═══ Information given

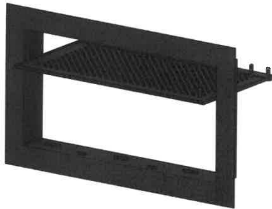
FIGURE 2—MODEL FFV-1608 FREEDOM FLOOD VENT®: SHOWN WITH FLOOD DOOR PIVOTED OPEN
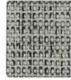
QS Hobnob Ash
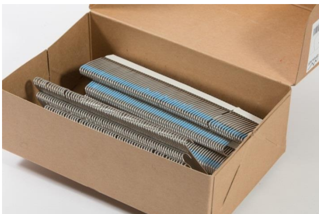
Figure 5 – Example of Innofix Clip packaging

Innofix Clips come in boxes of 500 clips, with approximately 50 clips per Magazine. Product codes are listed below.
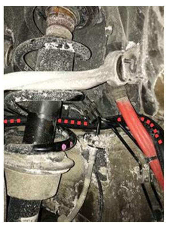
Figure 6. Routing the rubber hose.
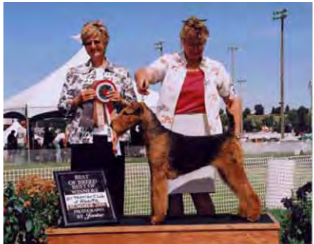
Am/Can Ch Monterra Misguided Angel
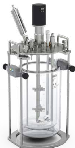
For example HABITAT ferment dw 5 for 5 liters

Now you can complete your control unit package with the matching vessels: In addition to the control unit package, you order the matching vessel package according to your application and your working volume. And you're ready to go.
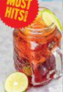
CHA MA NAO THAI LEMON ICED TEA
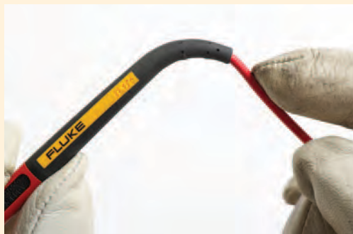
Extreme strain relief tested to withstand over 30,000 bends
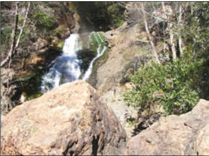
Part of Codfish Falls
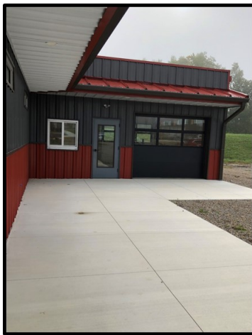
Walk-up window/dine-in area, with room for outside seating, located to the right of main entrance.
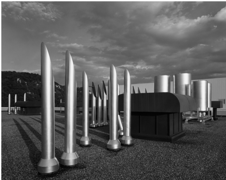
STEAM VENTS AND CLOUDS ALMA, WISCONSIN
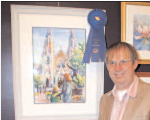
Mark de Mos Award of Excellence
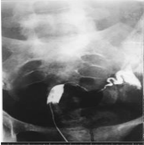
Fig 5: HSG - Unicornuate Uterus
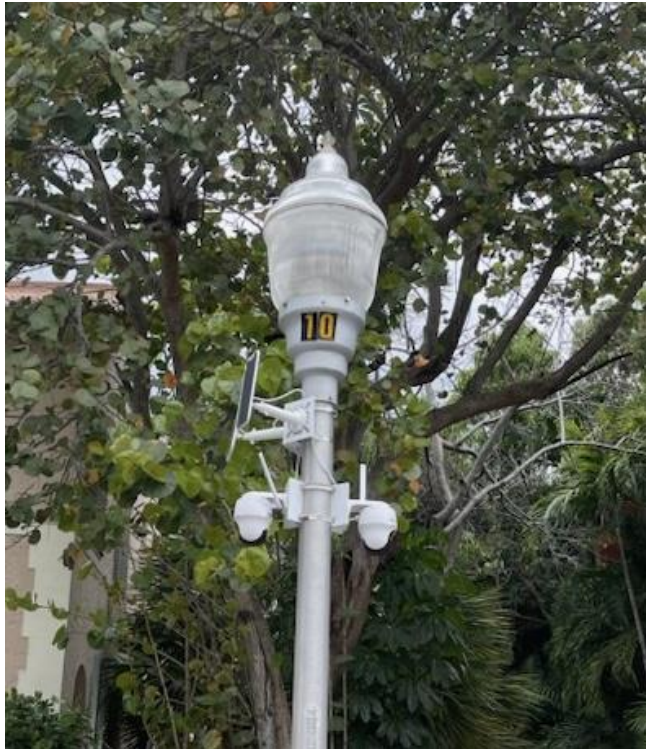
Dual camera deployment sample
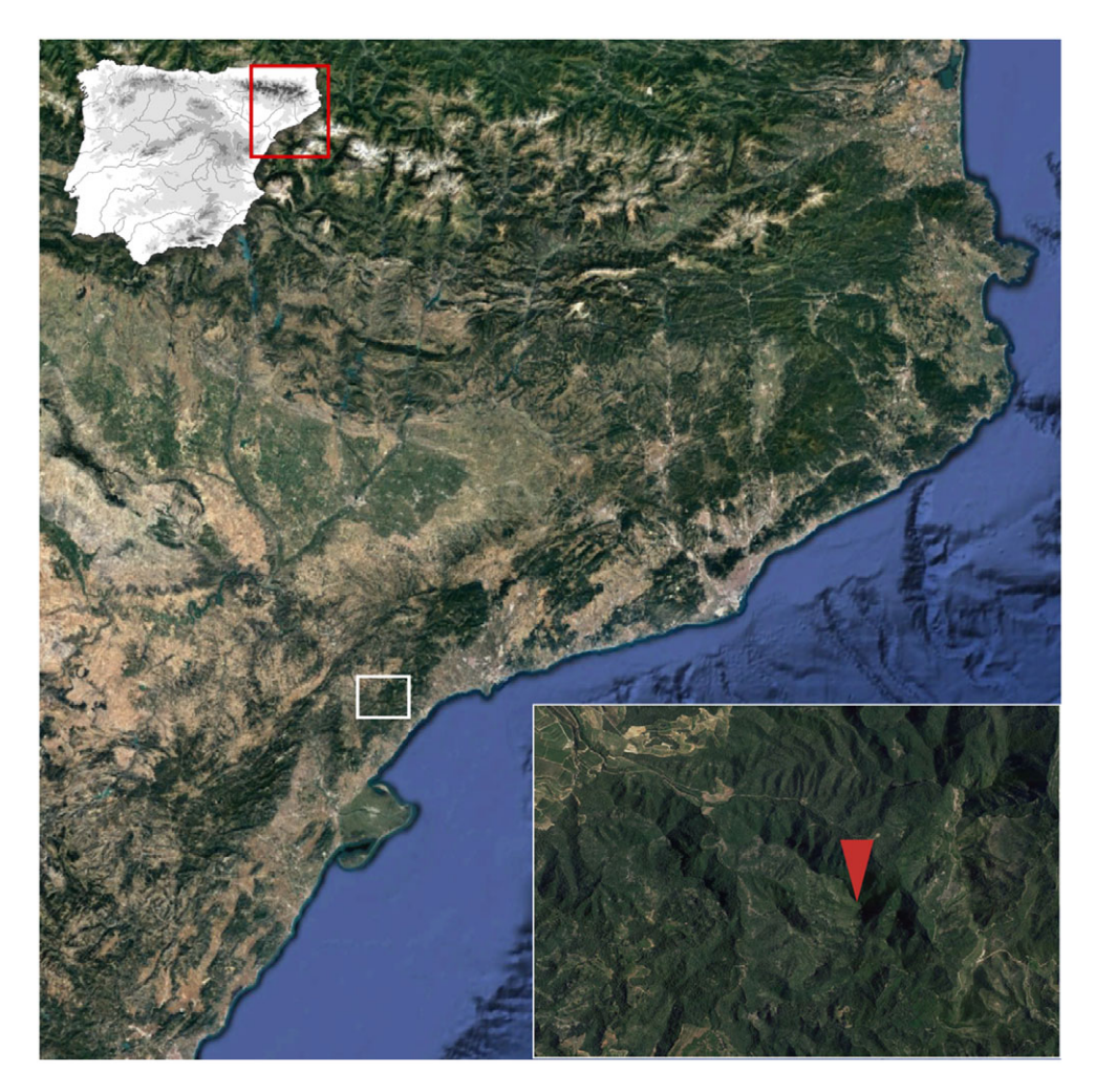
Figure 1 Geographical location: Cova de Marcó (Tivissa, Tarragona, Catalonia, Spain).

══════

→ **Required action**: The lines from the beginning of the listing above through the line holding "Figure 6. Routing the rubber hose." are to be duplicated exactly, and the pictures omitted.

→ **Result for this task**:
FIGURE 2—MODEL FFV-1608 FREEDOM FLOOD VENT®: SHOWN WITH FLOOD DOOR PIVOTED OPEN
QS Hobnob Ash
Figure 5 – Example of Innofix Clip packaging

Innofix Clips come in boxes of 500 clips, with approximately 50 clips per Magazine. Product codes are listed below.
Figure 6. Routing the rubber hose.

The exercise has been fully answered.